ExOR: Opportunistic Multi-Hop Routing for Wireless Networks

S. Biswas, R. Morris, "ExOR: Opportunistic Multi-Hop Routing for Wireless Networks," ACM SIGCOMM Conference, (August 2005).
This paper talked about ExOR- (Ex-Opportunistic Routing, what does Ex stand for?) , an efficient integrated routing and MAC protocol. The idea was that ExOR chooses each hop of a packet's route after the transmission for that hop, so that the choice can reflect which intermediate nodes actually received the transmission.  Basically, the paper questioned the very premise of routing in wireless networks. Traditional routing protocols choose the best sequence of nodes between source and destination, and forward each packet through that sequence. However, the authors questioned that such a scheme doesn't work quite well in wireless as transmissions is over lossy paths and has a probabilistic nature.
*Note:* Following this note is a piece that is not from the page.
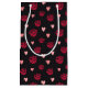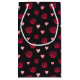 Aquí tenemos una preciosa bolsa de regalo con un patrón de rosa y corazones rosados estampados en un oscuro fondo de carbón vegetal. Este bolso hará una adición fabulosa a un regalo para tus amigos y familia.

To tackle this, they propose a cooperative diversity scheme which operated as follows:
  • The source broadcasts its batch of packets and the neighboring nodes try to 'hear' and buffer as many packets as they can.
  • Next, the node A that is closest to the destination (identified by the local forwarder list) transmits its batched sets of packets that the receiver had not received.
  • Further, the adjacent node B that overhears A knows about the packets that A has not transmitted and broadcast them and this process continues till the sender.
  • The forwarders continue to cycle through the priority list until the destination has 90% of the packets. The remaining packets are transferred with traditional routing.
Comments

This is definitely a great idea! The authors brilliantly utilize the inevitable use of broadcast  in a wireless network and come up with a smart scheme of probabilistically sending packets. They do make assumptions that the receptions at different nodes is independent of each other and there are not many collisions (which may or may not be true on a general basis) and further that there is a gradual decrease of delivery probability with distance (which is generally true, though presence of intermittent noise sources may affect this claim). However, I guess the paper was definitely novel in its approach and was definitely successful in trying to put forth its point that ExOR multihop cooperative routing is definitely better than traditional routing.